** TASK DETAILS **
Transcribe only what runs from the line containing "Vintage grey tone" through the final line below, exactly, and leave every picture out.
--
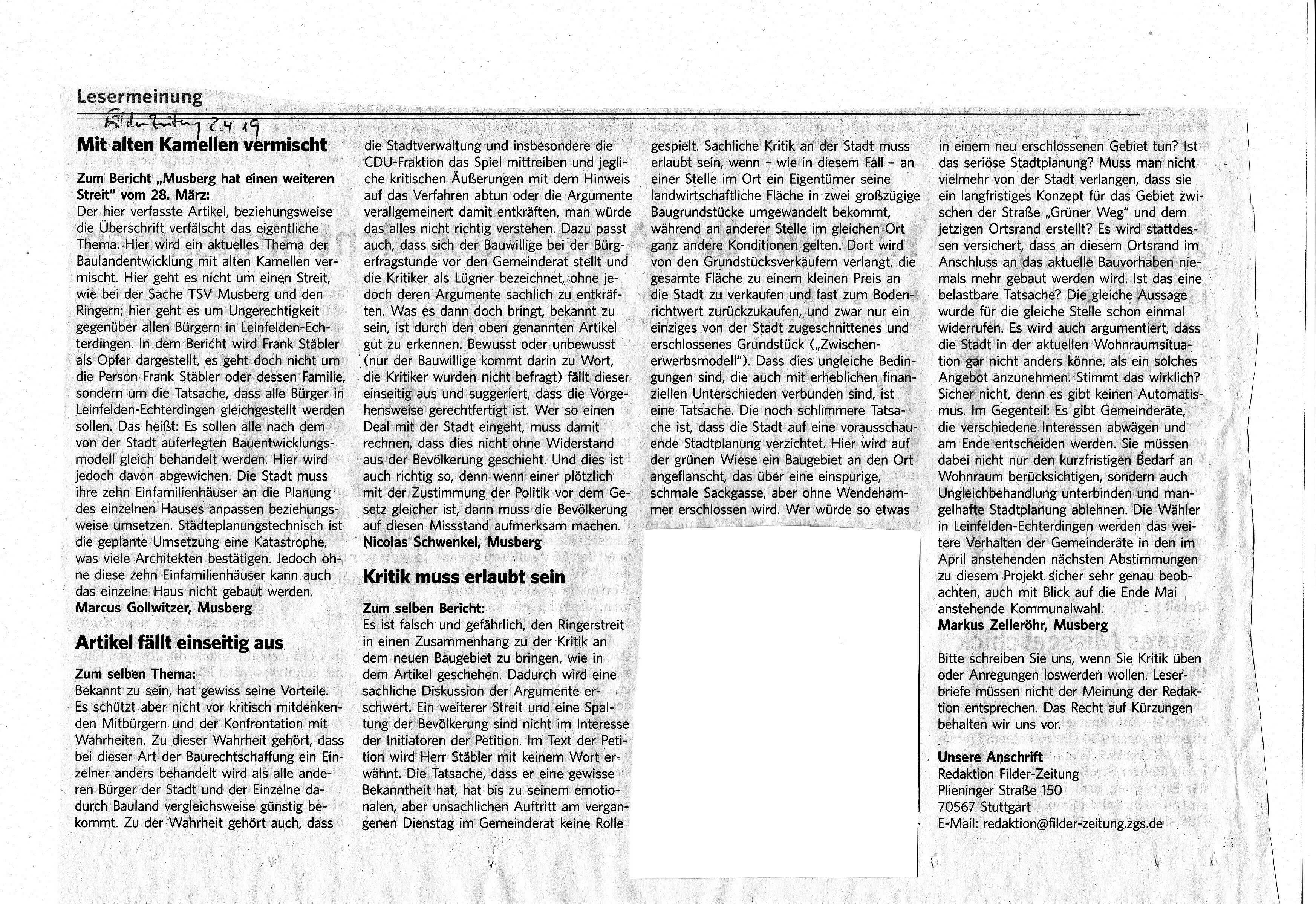 Anbei einige Leserbriefe, die in der vergangenen Woche in der Filderzeitung veröffentlicht worden sind. Der vorausgegangenen Artikel zu unserer Unterschriften-Übergabe war leider sehr einseitig aus Sicht des Eigentümers geschrieben, der sich selbst in einer Opfer-Rolle sieht.
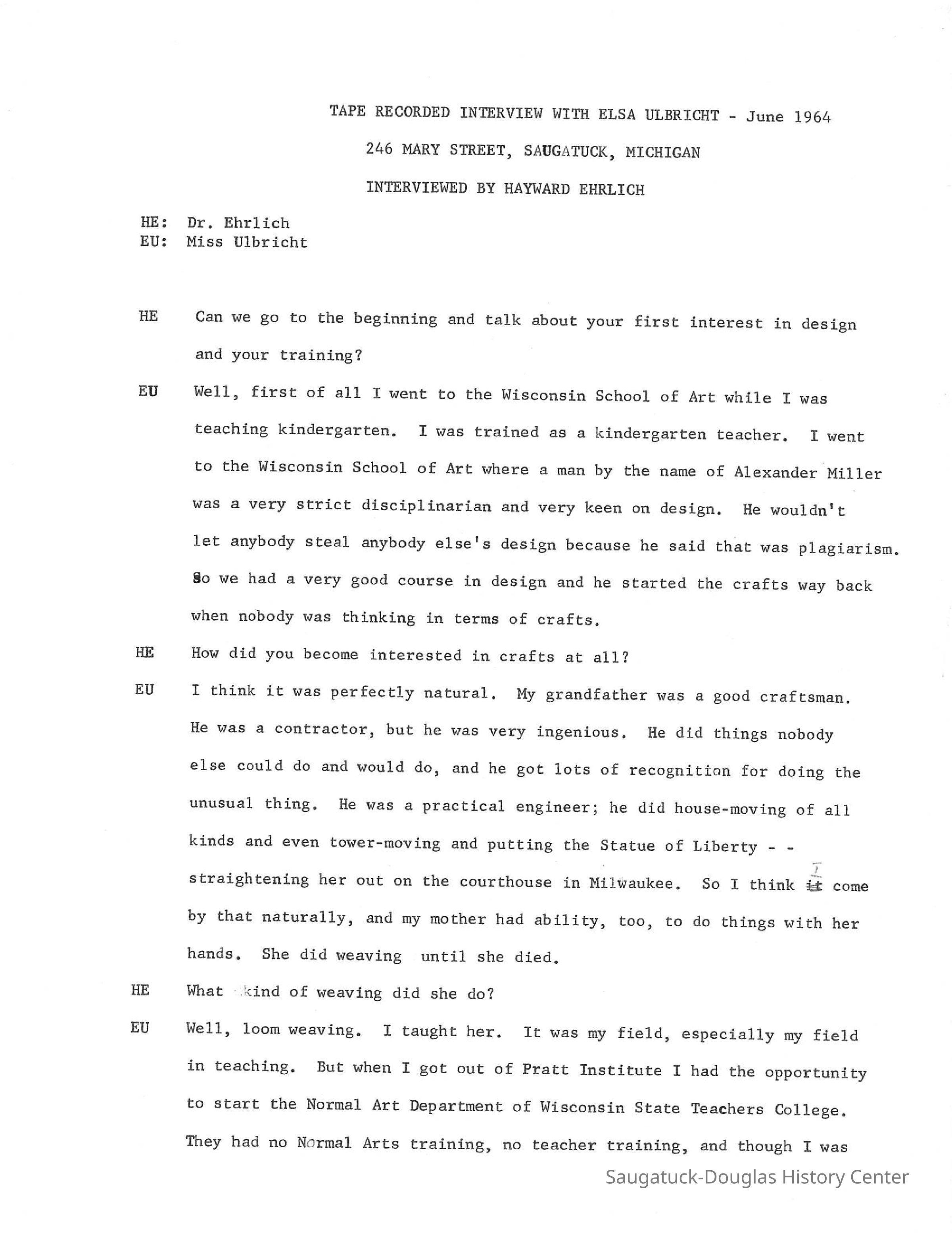 1. Transcript of tape-recorded Elsa Ulbricht interview, June 1964, at 246 Mary Street, Saugatuck by Hayward Ehrlich.
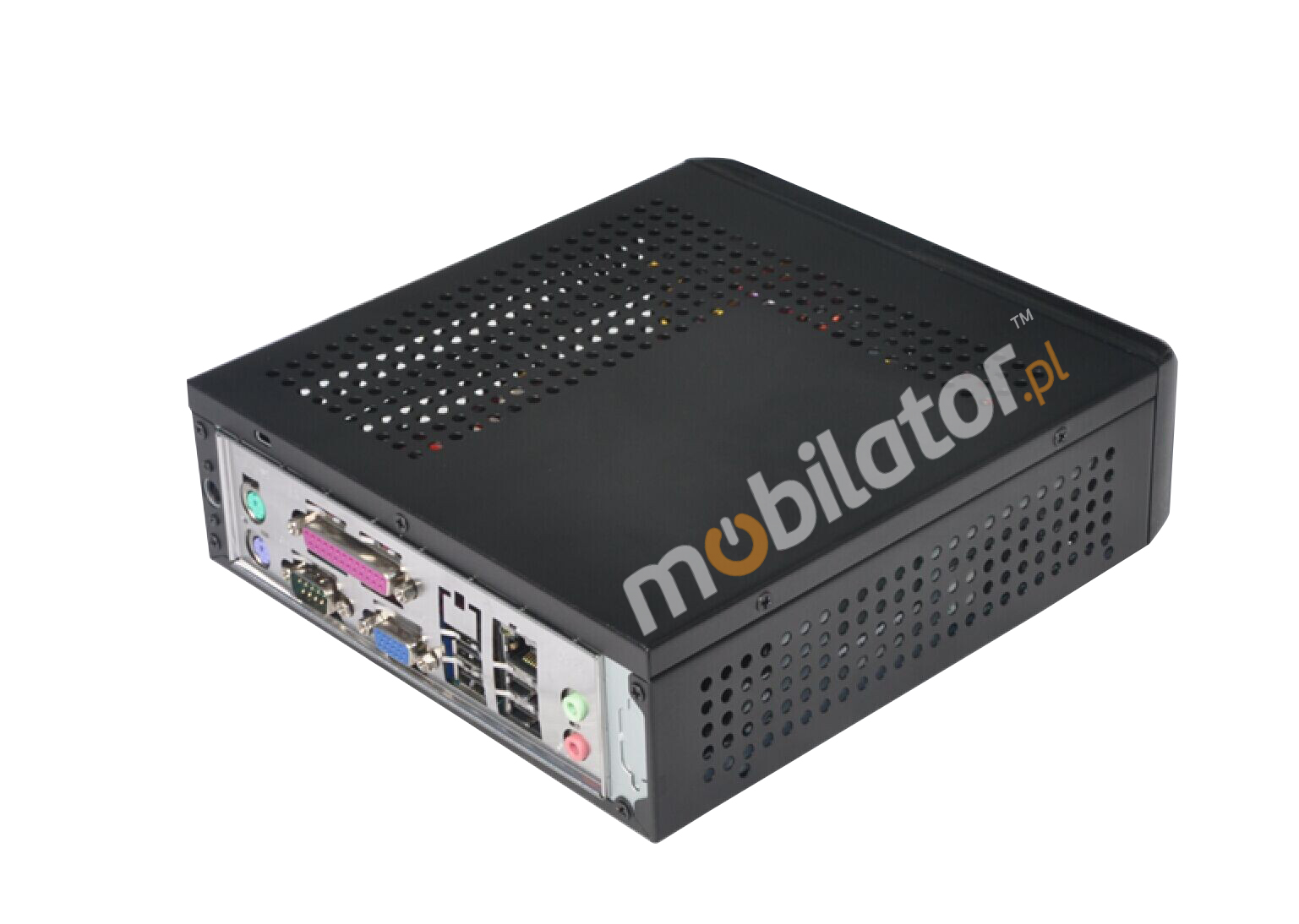 Zintegrowana karta sieciowa - INTEL 8105E - 10/100/1000 oraz moduł WiFi umożliwiaja podłączenie urządzenia do sieci. Komputer wyposażony jest w: jedno złącze LAN, jedno wyjście VGA, cztery porty USB 2.0, jeden port COM(RS232), dwa porty PS/2, jeden port LPT, jedno wejście Audio, jedno wejście mikrofonowe oraz złącza/konektory.
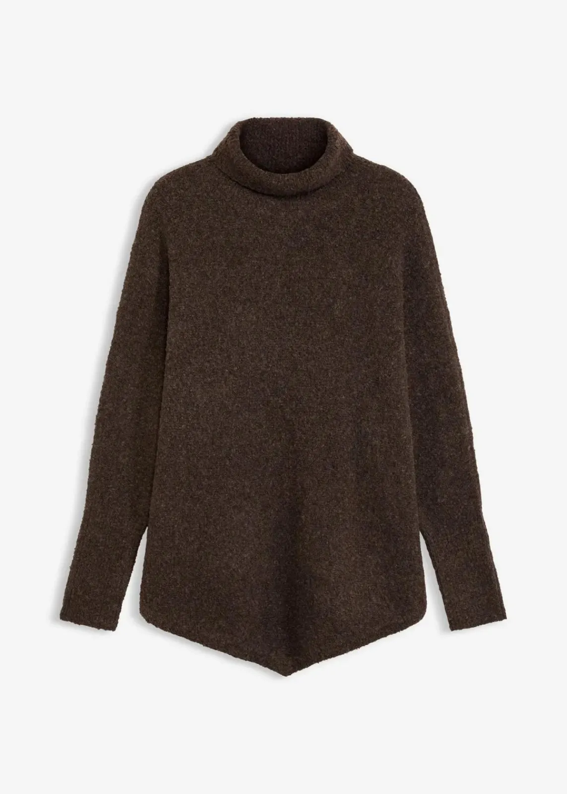weit geschnittener Poncho-Pullover mit asymmetrischem Saum und Rollkragen
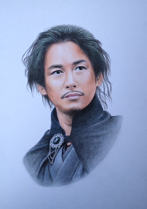 おはようございます(*^^*) ■「ディーン・フジオカさん」完成‼️ @ArrtxJPの色鉛筆で描きました。 背景は透明水彩絵の具で…。 襟止めのブローチ、まぁまぁかな🤔 皆様のご感想、コメント等をお待ちしております🙇♂️ 今日もよろしくお願い致します🙏 #らんまん #ディーン・フジオカ
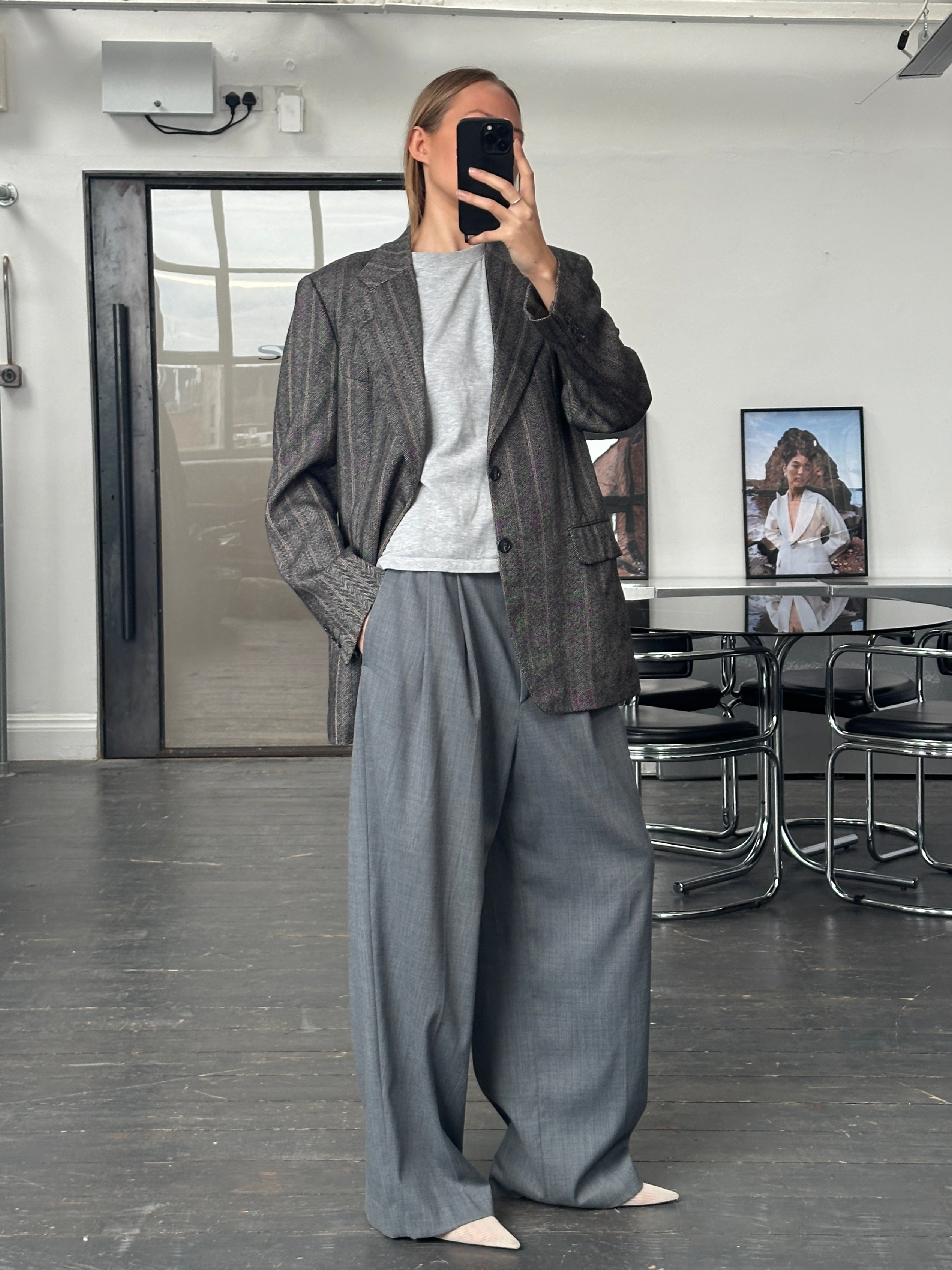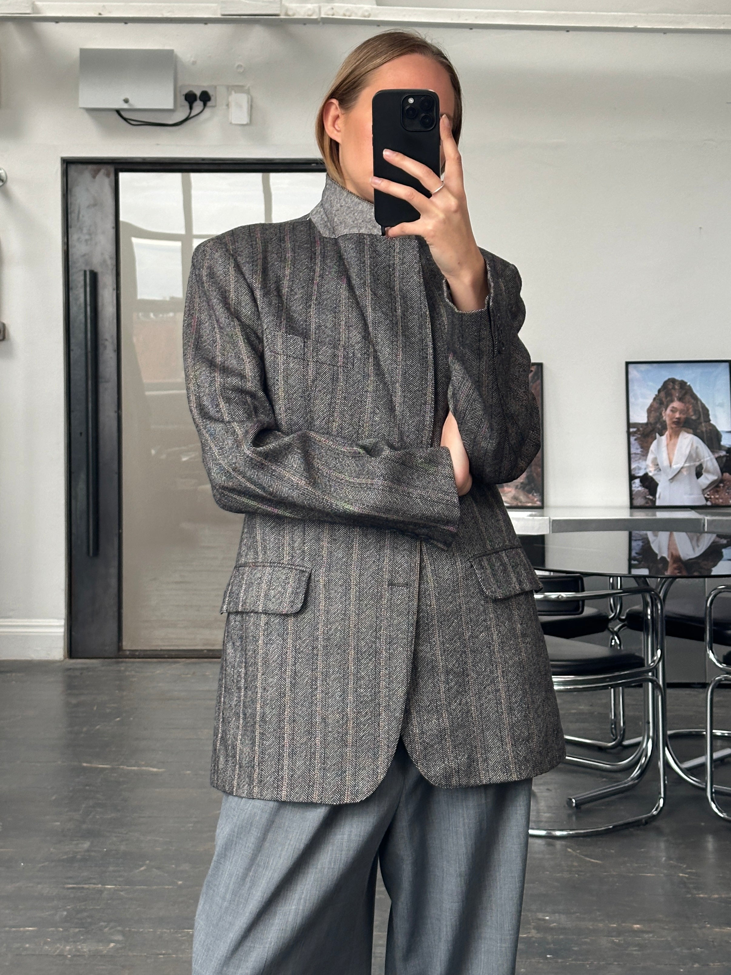 Vintage grey tone Christian Dior Monsieur Paris blazer featuring a subtle herringbone tweed effect with a fine orange stripe running through the weave. Finished with a two button front and full CD monogram lining for a refined tailored look.
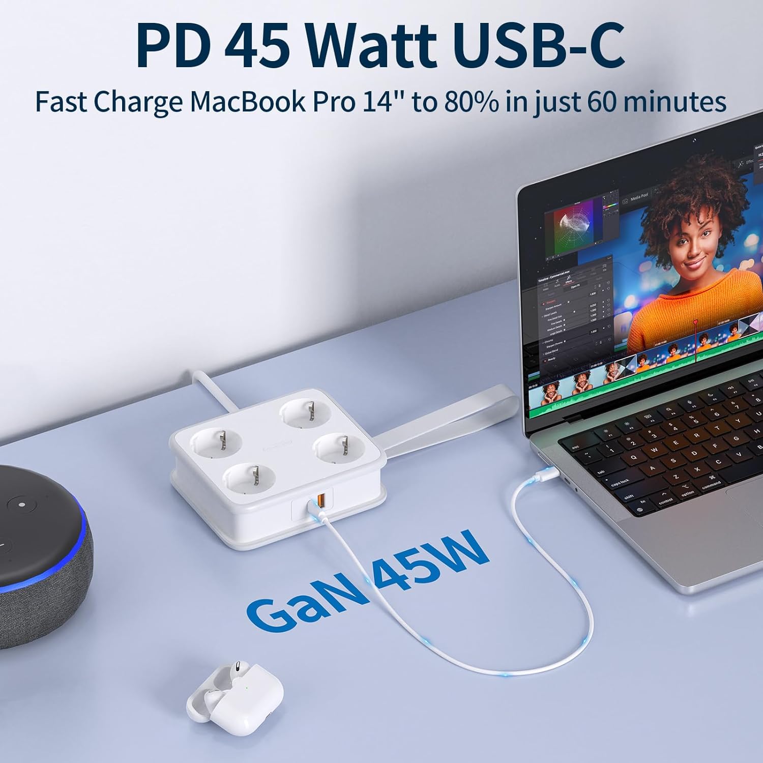 • USB-C fast charging: it uses GaN material and the 45W power delivery USB-C output of the multiple socket is powerful enough to quickly charge a variety of devices such as smartphone, tablets, laptops etc. The USB-C can charge a MacBook Pro 14" to 50% in just 37 minutes.
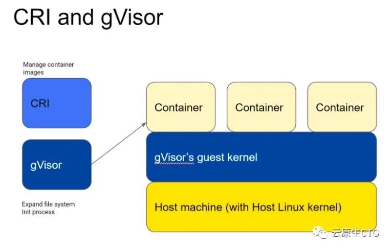 有趣的是,gVisor包含“guest kernel”层,这意味着容器化的应用程序无法直接访问主机内核层。即使应用程序“认为”它已经触摸过它,但实际上它只是gVisor的guest kernel。
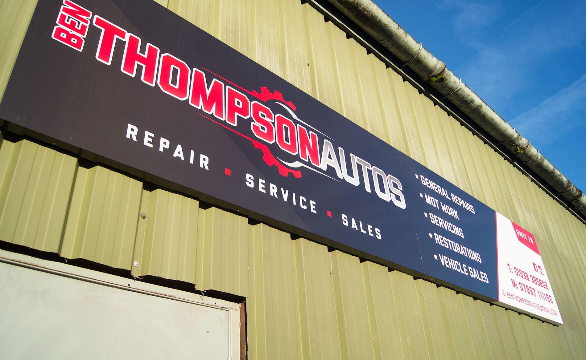 View Larger Image View Larger Image Ben Thompson AutosAlex Stanley2018-03-15T11:05:48+00:00 Project Description Project Details Categories: DesignSignage By: Alex Stanley Think our products are great, share on social media FacebookXEmail Related Projects ARG Refinishing Gallery ARG Refinishing Comley’s Gas Services Gallery Comley’s Gas Services The Property Photographer Gallery The Property Photographer HSE Safety Signage Gallery HSE Safety Signage
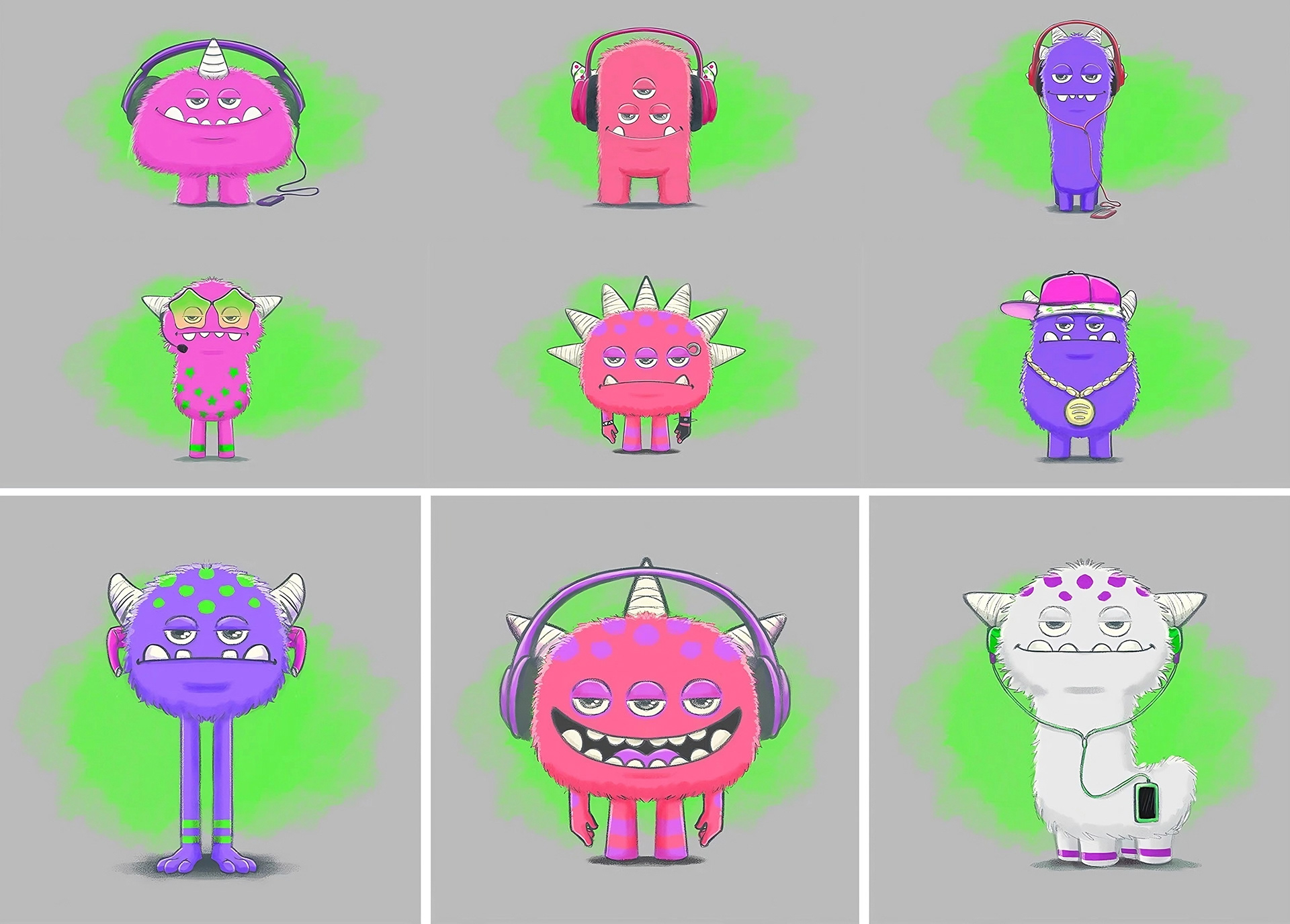 During two days, different creatives from Latin America, Spotify teammates and CUBOC agency met in a creative sprint to represent all musical tastes. We realized that every person has not one kind of favorite music, but a lot of favorite musical genres, so the better way to describe this is saying that all of us have a monster inside hungry of songs. We created a system to research every combination of music and bring to life different monsters for each Spotify user.
--
** ANSWER BOX **
 Vintage grey tone Christian Dior Monsieur Paris blazer featuring a subtle herringbone tweed effect with a fine orange stripe running through the weave. Finished with a two button front and full CD monogram lining for a refined tailored look.
 • USB-C fast charging: it uses GaN material and the 45W power delivery USB-C output of the multiple socket is powerful enough to quickly charge a variety of devices such as smartphone, tablets, laptops etc. The USB-C can charge a MacBook Pro 14" to 50% in just 37 minutes.
 有趣的是,gVisor包含“guest kernel”层,这意味着容器化的应用程序无法直接访问主机内核层。即使应用程序“认为”它已经触摸过它,但实际上它只是gVisor的guest kernel。
 View Larger Image View Larger Image Ben Thompson AutosAlex Stanley2018-03-15T11:05:48+00:00 Project Description Project Details Categories: DesignSignage By: Alex Stanley Think our products are great, share on social media FacebookXEmail Related Projects ARG Refinishing Gallery ARG Refinishing Comley’s Gas Services Gallery Comley’s Gas Services The Property Photographer Gallery The Property Photographer HSE Safety Signage Gallery HSE Safety Signage
 During two days, different creatives from Latin America, Spotify teammates and CUBOC agency met in a creative sprint to represent all musical tastes. We realized that every person has not one kind of favorite music, but a lot of favorite musical genres, so the better way to describe this is saying that all of us have a monster inside hungry of songs. We created a system to research every combination of music and bring to life different monsters for each Spotify user.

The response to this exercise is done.